Даже в наши дни эмиграция часто заставляет людей менять профессию. В новой (ее называют 5-й) волне уехавших можно увидеть вокруг себя десятки таких примеров: экс-маркетологи учатся на мастеров по волосам, журналисты переквалифицируются в психологи, а бывшие учителя запускают стартапы. Иногда это связано с необходимостью выживать здесь и сейчас, другим сложно подтвердить свою специальность в новой стране (как медикам, например), а третьи просто хотят кардинально изменить свою жизнь, раз уж представилась такая возможность. Переезд всегда был шансом полностью перепридумать себя — и сегодня, и 100 лет назад. Но для женщин, уезжавших из Российской империи в конце ХIХ — начале ХХ века, ситуация была несколько сложнее.
Чаще всего им нечего было «перепридумывать»: на родине у них не было не только работы, но и высшего образования («белоручки», как их называла Нина Берберова). Они привозили в новые страны «в маленьком чемоданчике» домашнее гуманитарное образование и навыки, необходимые для того, чтобы однажды стать хорошей женой и «хранительницей очага». Это многих в итоге спасло: мы не раз обсуждали, как умение шить позволяло женщинам открывать свои ателье, работать дизайнерами и швеями. Причем, это уравнивало в возможностях как наследниц царской семьи (вспомним Марию Романову, основавшую легендарный «Китмир»), так и девочек из бедных семей (как Валентина Санина-Шлее, открывшая модный Дом Valentina). У Валентины при переезде в Нью-Йорк буквально в руках был чемодан с придуманными ею платьями, которые легли в основу дизайна, сделавшего ее богатой и знаменитой в США.
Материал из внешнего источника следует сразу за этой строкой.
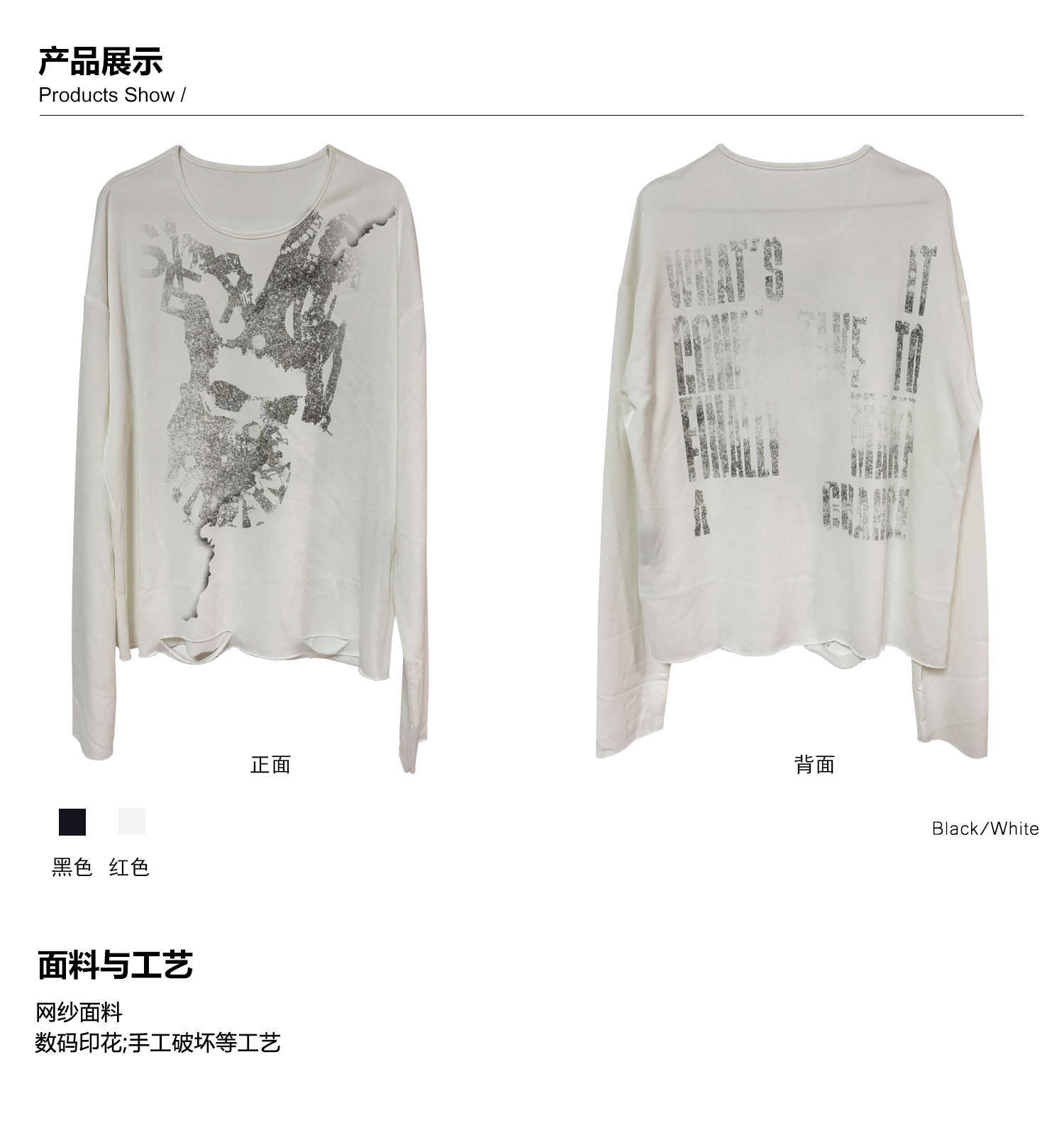 Human Voices Skull Guitar Print Destroy Mesh Long Sleeve

Но, очевидно, что богатыми и знаменитыми становились единицы (буквально), а всем остальным надо было выживать и кормить семью — и это часто падало на женские плечи, потому что мужчинам было также сложно найти работу, а еще многие из них тяжелее переживали потерю своего статуса. Женщины в такой ситуации хватались за любую возможность заработать на еду и кров: кто-то шел официантками в рестораны или нянечками в госпитали, другие благодаря знанию языков и грамотности, могли устроиться секретаршами и переводчицами. В этом смысле женщинам очень помогали организации, которые не просто предлагали работу, но и помогали освоить новые профессии. Например, в Париже княжеская пара Ирина и Феликс Юсуповы открыли не только модный дом «Ирфе», но и контору по трудоустройству эмигрантов и салон красоты, где женщины могли научиться делать массаж или макияж, чтобы затем открыть собственное дело.

Иллюстрация Екатерина Балеевская/Spektr.press
Особенно важно это было в тех регионах, где общество было консервативным, что значит — меньше профессиональных возможностей для женщин. Например, в китайском Харбине, где все было сконцентрировано вокруг строительства Китайско-Восточной железной дороги (КВЖД). Только некоторым женщинам повезло устроиться туда на работу, остальные выкручивались, как могли: например, есть история о том, как целая семья одного белогвардейца зарабатывала тем, что его теща и жена лепили пельмени на продажу. Но хуже всего было женщинам, которые по какой-то причине оставались без мужа: они оказывались в очень уязвимом положении. Многим приходилось идти в кельнерши и танцовщицы в местные кабаки, что нередко заканчивалось проституцией (у японцев был популярен «туризм» в Харбин, чтобы провести время с русскоязычными девушками). Поэтому крайне важно было дать им альтернативу, и для этого в Харбине женщины организовывали друг для друга бесплатные профессиональные курсы — зубоврачебные, стенографии, машинописи, маникюра и парикмахерского мастерства.
Очевидно, что набор профессиональных навыков, которые могла получить молодая женщина в дореволюционной России, был очень скудным. Именно поэтому самые активные девушки из прогрессивных семей отправлялись за образованием в Европу еще с середины ХIХ века. Мы уже подробно рассказывали о том, как швейцарские, а затем немецкие и французские университеты открыли свои двери студенткам. Так как уехать за границу можно было только с согласия отца или мужа, некоторые самые амбициозные и эмансипированные фиктивно выходили замуж, чтобы избавиться от родительского контроля: так поступили (с разницей в несколько десятилетий) и математик Софья Ковалевская, и танцовщица Ида Рубинштейн. Благодаря европейскому образованию дипломы смогли получить такие медики, как Надежда Суслова и Вера Гедройц; ученые Екатерина Шамье и Лина Штерн; психологи Сабина Шпильрейн и Тамара Дембо.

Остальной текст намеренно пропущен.